[Opening DATA SECTION section]
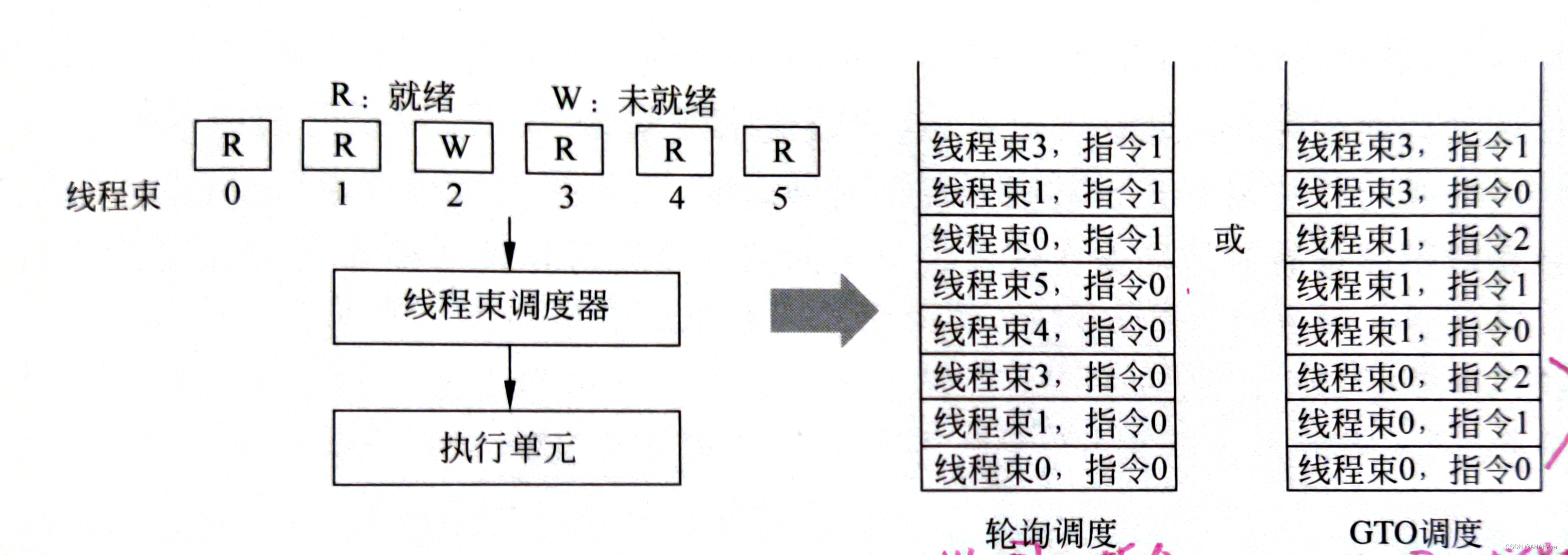 线程块被分配给一个可编程多处理器后,GPGPU会根据线程编号,将若干相邻线程组成线程束,按照锁步方式执行,所有线程进度一致,一个线程束共用一个PC,多个线程等价于多个向量操作,其向量宽度也就是线程束大小。
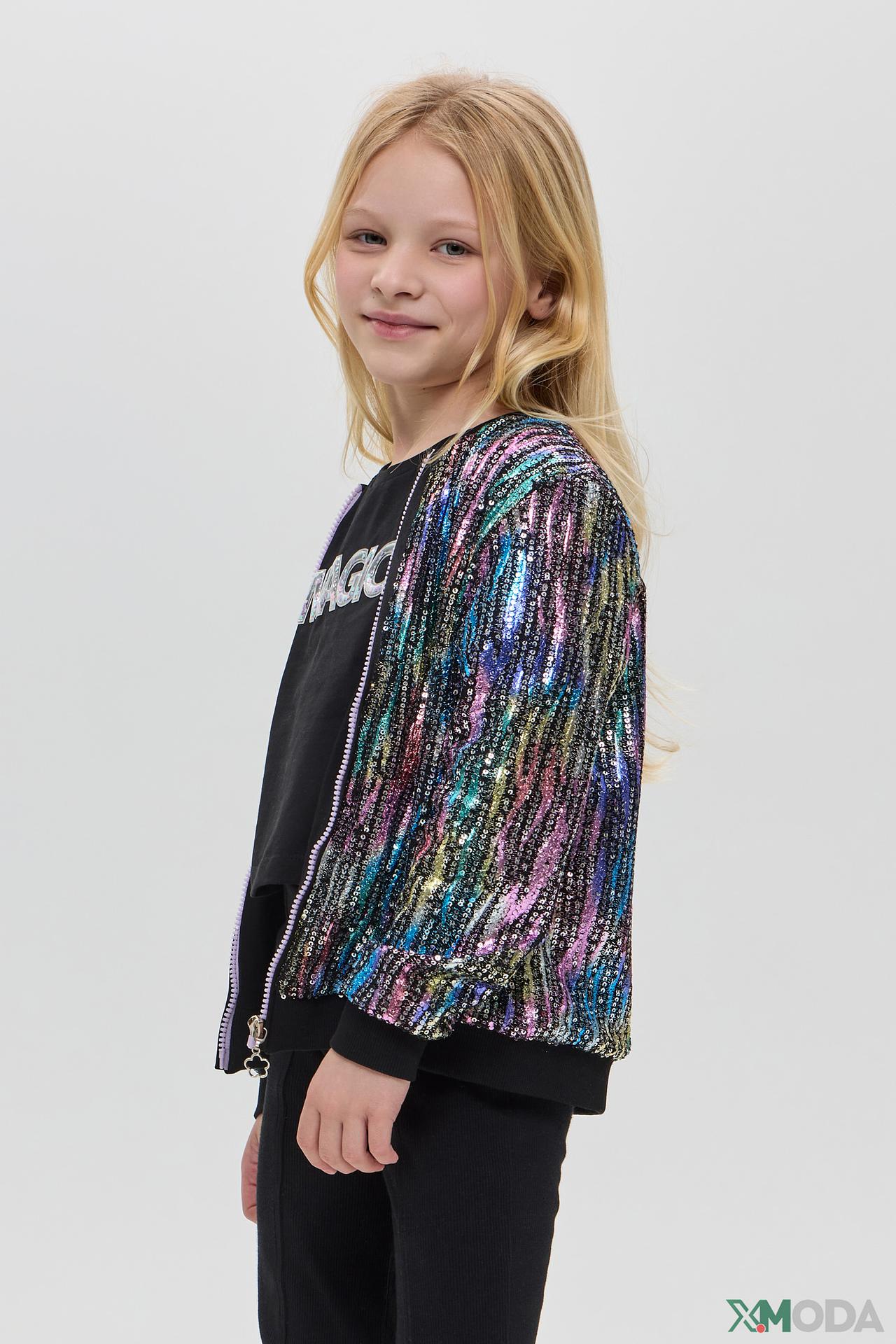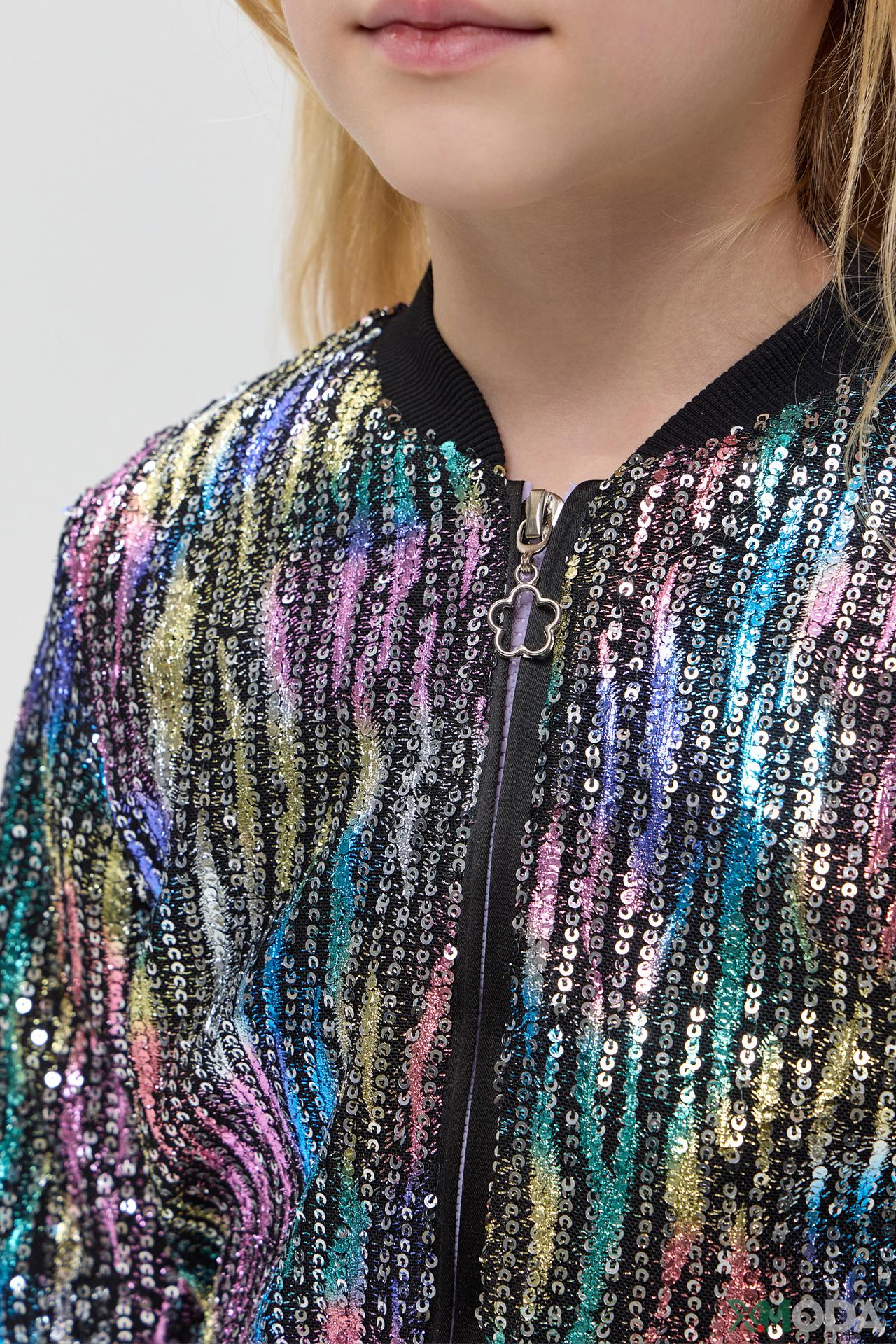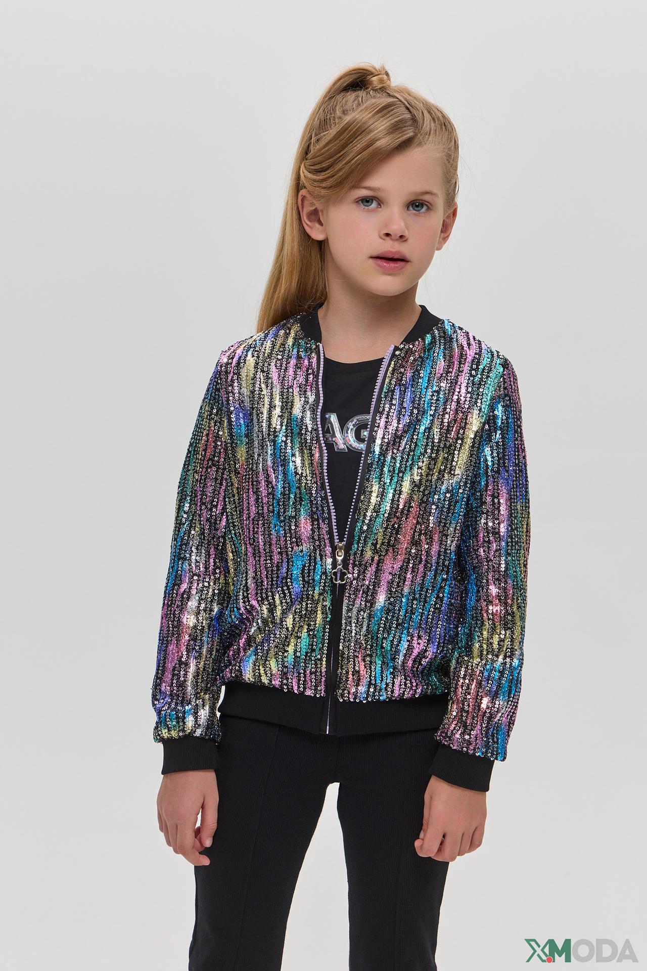 Этот стильный жакет станет ярким акцентом в гардеробе юной модницы. Переливающийся всеми цветами радуги, он добавит блеска и оригинальности любому образу. Идеальный выбор для создания запоминающихся и модных детских образов. Этот жакет отлично подойдет для праздничных мероприятий и повседневной носки, позволяя девочке чувствовать себя уверенно и стильно.
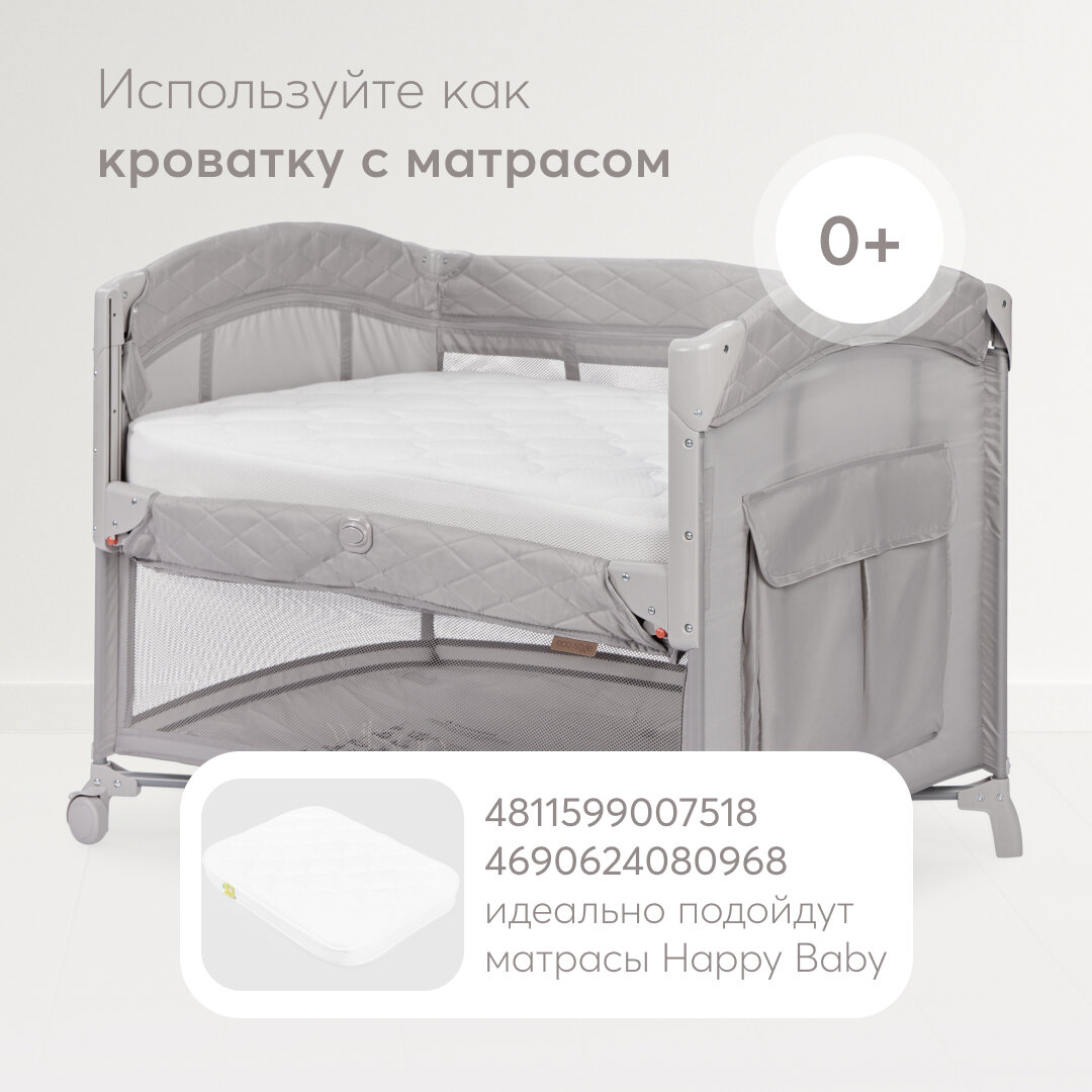 Манеж-кроватка Happy Baby WILSON, складной, с колёсами, регулировка высоты, от 0 до 3 лет, молочный
[Closing DATA SECTION section]
- WORK ITEM: With the pictures omitted, reproduce the data above exactly.

- ANSWER BOX:
 线程块被分配给一个可编程多处理器后,GPGPU会根据线程编号,将若干相邻线程组成线程束,按照锁步方式执行,所有线程进度一致,一个线程束共用一个PC,多个线程等价于多个向量操作,其向量宽度也就是线程束大小。
 Этот стильный жакет станет ярким акцентом в гардеробе юной модницы. Переливающийся всеми цветами радуги, он добавит блеска и оригинальности любому образу. Идеальный выбор для создания запоминающихся и модных детских образов. Этот жакет отлично подойдет для праздничных мероприятий и повседневной носки, позволяя девочке чувствовать себя уверенно и стильно.
 Манеж-кроватка Happy Baby WILSON, складной, с колёсами, регулировка высоты, от 0 до 3 лет, молочный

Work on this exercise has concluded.